Code to calculate "median of five" in C#

Question

Note: Please don't interpret this as "homework question." This is just a thing I curious to know :)

The median of five is sometimes used as an exercise in algorithm design and is known to be computable using only 6 comparisons.

What is the best way to implement this "median of five using 6 comparisons" in C# ? All of my attempts seem to result in awkward code :( I need nice and readable code while still using only 6 comparisons.

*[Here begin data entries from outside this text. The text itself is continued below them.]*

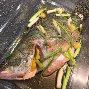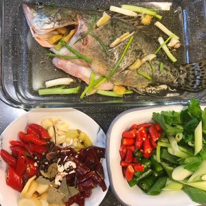 依旧是清江鱼 , 肉嫩刺少,这条鱼3斤半, 对应30L的烤箱来说有点大了。
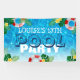 Is your child having a Pool Party? Then check out this cool summer pool party banner featuring clear blue water, inflatables, tropical leaves, yellow flowers and a trendy birthday template that can easily be personalised.
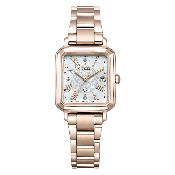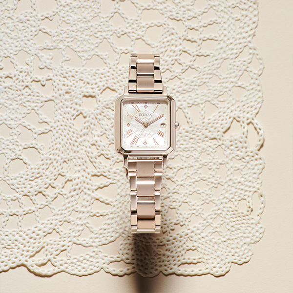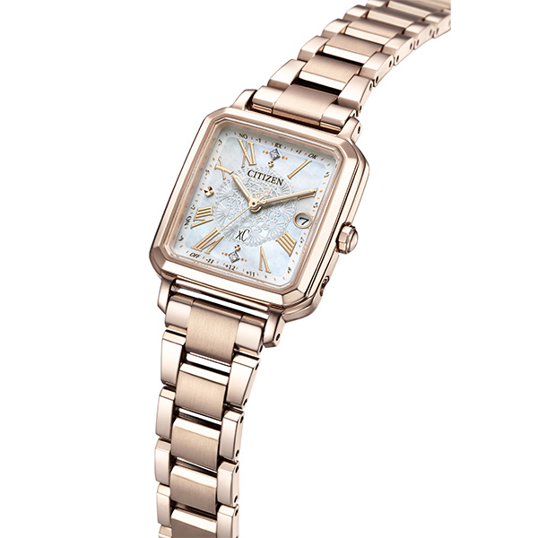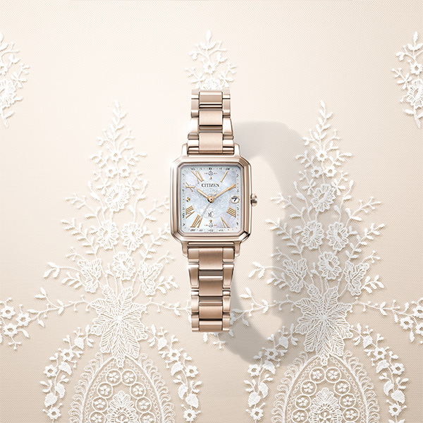 前を向く女性を応援するエンパワーウオッチブランド、シチズン xC(クロスシー)。サクラピンク®のケースと白蝶貝文字板を生かした、hikari collectionスクエア2wayモデルの限定仕様。アンティークレースをモチーフにしたクラシカルなデザインです。
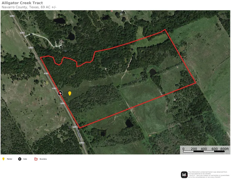 Alligator Creek Ranch: 69-acre Texas property in Navarro County. Creek Tract has 2,500 ft of Alligator Creek, 2 stock tanks. Paved road frontage, electricity available via Navarro County Electric Coop. Water available through Corbett Water Supply Corp. Abundant wildlife incl. deer, hogs. Flat terrain with seasonal draws, adorned with diverse trees (post oaks, pecans, cedar elm, hack-berry, mesquite, mountain cedar, scrub oaks). Ideal for recreation and mixed-use development. Tax amount not correct, will be determined with new survey.
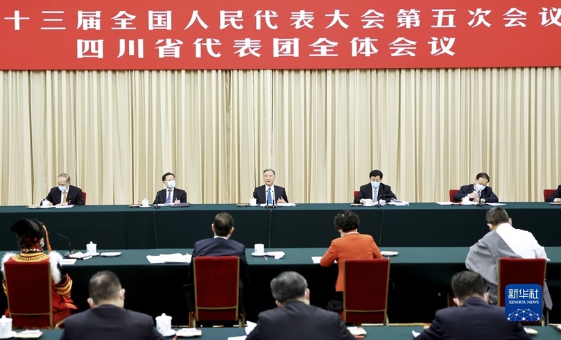 3月5日,中共中央政治局常委、全国政协主席汪洋参加十三届全国人大五次会议四川代表团的审议。新华社记者 刘彬 摄
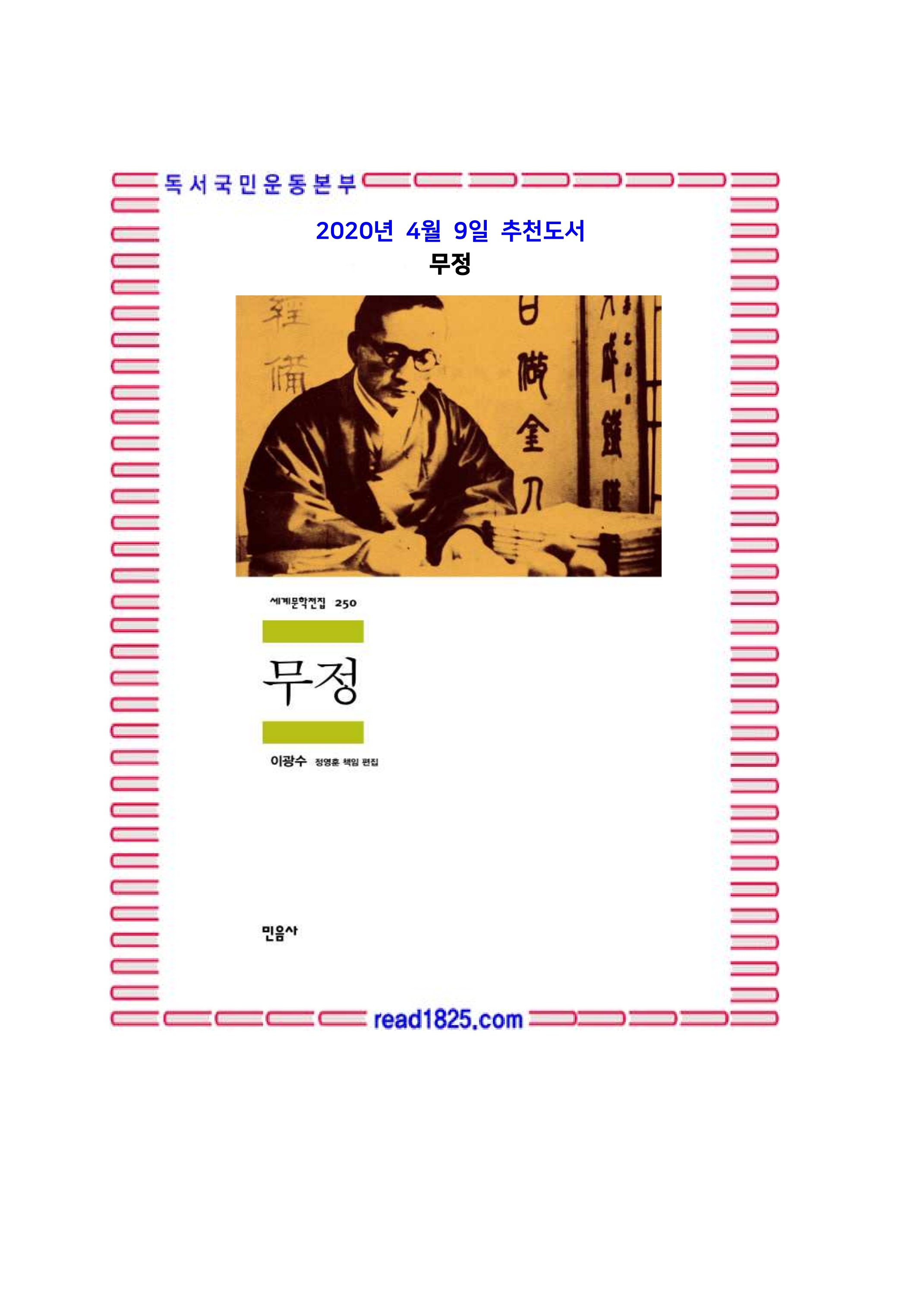 이광수는 능동적으로 자신의 사랑과 운명을 결정하는 법을 배워 가는 청년들이 조선의 앞날을 새롭게 써 나가기를 희망했다. 각각 미국으로, 일본으로 떠나는 기차 안에서 우연히 만난 형식과 선형, 영채는 끔찍한 수해 현장을 목격하고 조선의 앞날을 걱정한다. 그리고 그들은 ‘교육으로, 과학으로’ 조선 민중을 계몽해야 한다는 깨달음에 이른다. 유학에서 돌아온 주인공들 앞에는 ‘문명한 조선’이 기다리고 조선은 그들의 도움으로 발전해 나갈 것이다. 이렇듯 조선의 미래를 희망적으로 그린 『무정』의 결말은 이광수의 간절한 기대이기도 했다. 비록 이광수의 이러한 꿈은 현실이 되지 못했지만, 시대의 한계 속에서 그가 실현해 냈던 문학적 성취는 지금까지도 생생하게 살아 숨 쉬고 있다.
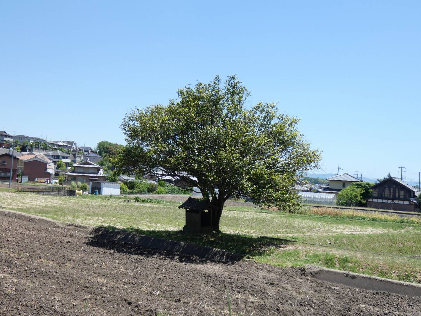 - 手のひらを広げたような形で青く透き通った水を満々と湛える簱尾池。飛鳥時代、聖徳太子が灌漑用に築いたと伝えられています。 奈良県景観資産眺望地点

public double medianOfFive(double a, double b, double c, double d, double e){
 //
 // return median
 //
 return c;
}

Note: I think I should provide the "algorithm" here too:

I found myself not able to explain the algorithm clearly as Azereal did in his forum post. So I will reference his post here. From http://www.ocf.berkeley.edu/~wwu/cgi-bin/yabb/YaBB.cgi?board=riddles_cs;action=display;num=1061827085

Well I was posed this problem in one of my assignments and I turned to this forum for help but no help was here. I eventually found out how to do it.

1. Start a mergesort with the first 4 elements and order each pair (2 comparisons)

2. Compare the two lower ones of each pair and eliminate the lowest one from the possibilities (3 comparisons)

3. Add in the 5th number set aside to the number without a pair and compare the two (4 comparisons)

4. Compare the two lowest of the two new pairs and eliminate the lower one (5 comparisons)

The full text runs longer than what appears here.